The "Transformed Array coding problem" is a simulation task involving circular array traversal. You are given an integer array nums, and you need to create a new array result of the same length. For each index i, result[i] is the value found in nums at a new position calculated by moving nums[i] steps from i. If nums[i] is positive, you move right; if negative, you move left; and if zero, you stay at the same index. Since the move can exceed the array bounds, the movement is treated as circular.

Why is this asked in interviews?

This "Transformed Array interview question" is a great way to test a candidate's comfort with the modulo operator and array indexing. Companies like Meta use it to ensure developers can handle "edge-of-array" logic correctly, which is a common source of bugs in production code. It evaluates your ability to translate a simple movement rule into a robust mathematical formula that handles both positive and negative offsets within a circular boundary.

Algorithmic pattern used

The "Array, Simulation interview pattern" is used here. For each element nums[i], the new index is calculated as (i + nums[i]) % n. However, special care must be taken with the modulo operator in different programming languages, as it can return negative results for negative numbers. A more robust formula for circular indexing is (i + (nums[i] % n) + n) % n, which ensures the result is always a valid non-negative index between 0 and n-1.

Example explanation

Input: [3, -2, 1, 1], n=4.

1. i=0, nums[0]=3: New index = (0 + 3) % 4 = 3. result[0] = nums[3] = 1.
2. i=1, nums[1]=-2: New index = (1 - 2 + 4) % 4 = 3. result[1] = nums[3] = 1.
3. i=2, nums[2]=1: New index = (2 + 1) % 4 = 3. result[2] = nums[3] = 1.
4. i=3, nums[3]=1: New index = (3 + 1) % 4 = 0. result[3] = nums[0] = 3. Final result: [1, 1, 1, 3].

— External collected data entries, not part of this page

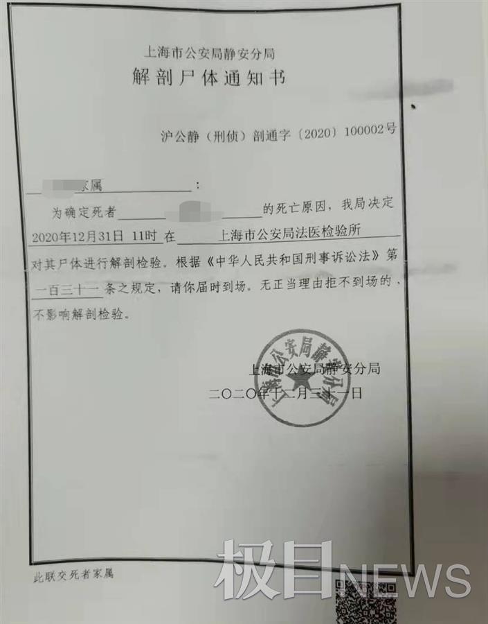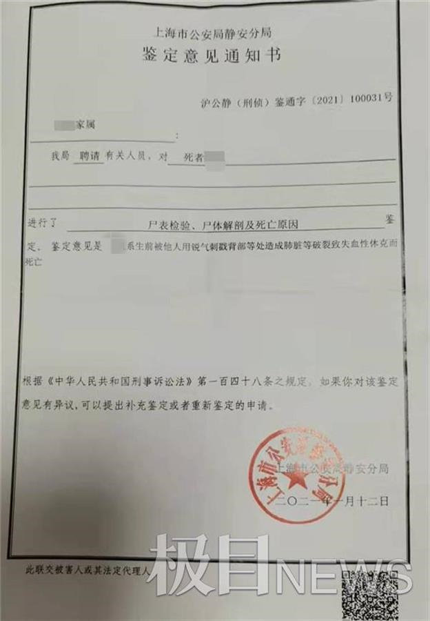 2021年1月13日,魯賢強和親屬再次來到上海。上海警方提供的《上海市警察局靜安分局鑒定意見通知書》顯示,該局聘請有關人員,對死者魯錚進行了屍表查驗、屍體解剖及死亡原因鑒定。鑒定意見是,魯錚系生前被他人用銳器刺戳背部等處,造成肺臟等破裂,致失血性休克而死亡。
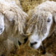 Duas lindas ovelhas Cotswold capturadas fotograficamente em um momento engraçado e humorístico conversando entre si. Os ovinos de coalhada são originários dos Cotswolds, na Inglaterra, e são criados para a sua lã e carne. Eles têm pulgas longas com quase ouro de tonalidade.
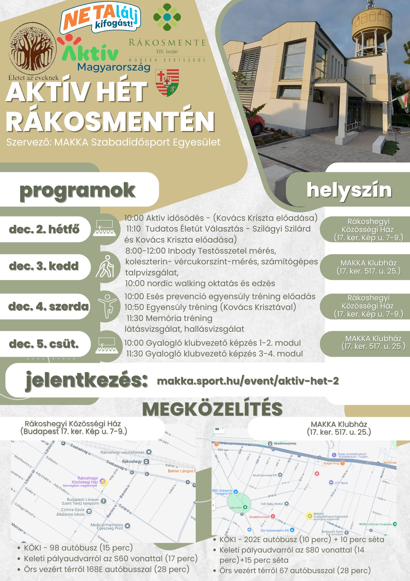 Szeretettel meghívlak benneteket az Aktív Hét programunkra a XVII. kerületbe december 2 é 5. között.
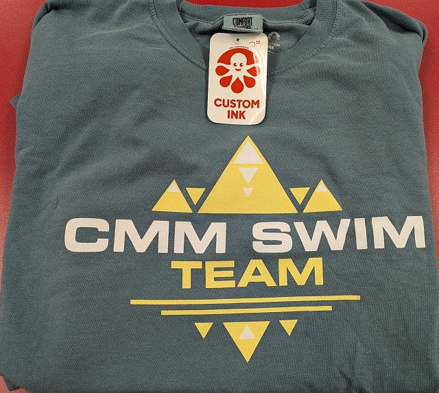 We have a few vintage CMM Swim Team shirts available! Only the listed sizes and quantities available – first come, first served! These are the old design (prior to 2022; see pictures). Smalls and Mediums are blue; Larges are greyish blue. All shirts have same design. All purchases will be delivered to your child in their 8th period class.
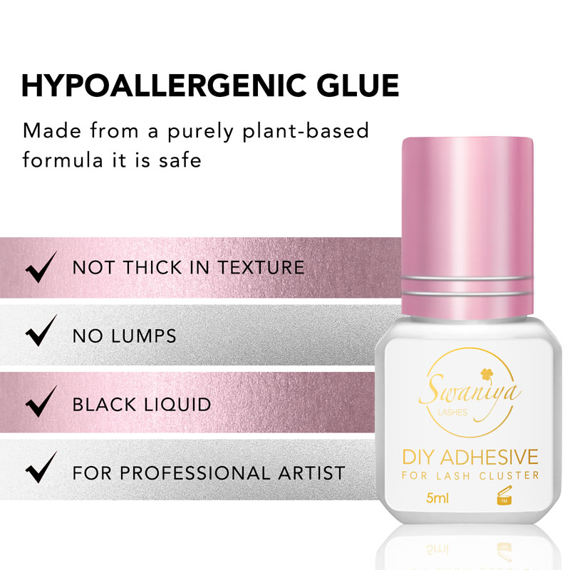 Swaniya DIY skropstu klastera līme ļauj pielāgot skropstas tieši tā, kā vēlaties. Neatkarīgi no tā, vai vēlaties dabisku izskatu vai dramatiskāku efektu, Swaniya līme ir ideāls pavadonis jums. Turklāt DIY skropstu kopas līme ir formulēta ar augstas kvalitātes sastāvdaļām, kas ir maigas uz jūsu ādu un acīm.
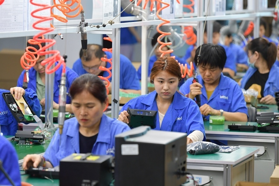 2024年5月22日,在位于日照市東港區(qū)新舊動(dòng)能轉(zhuǎn)換示范基地的山東比特智能科技股份有限公司新廠區(qū),工人在車(chē)間內(nèi)工作。新華社記者 孟濤 攝

Common mistakes candidates make

One frequent error in the "Transformed Array coding problem" is not correctly handling negative jumps. If nums[i] is -10 and n is 3, the jump should land at index 2, not -1. Another mistake is using a loop to perform the jumps one by one, which is inefficient if the jump values are very large. Using the modulo operator is the intended $O(1)$ way to find the destination index.

Interview preparation tip

For the "Array, Simulation interview pattern," always remember the "universal modulo formula": (a % b + b) % b. This ensures that your circular array logic is always positive, regardless of whether a is positive or negative. Practice problems involving "circular queues" or "rotating arrays" to build intuition for this pattern.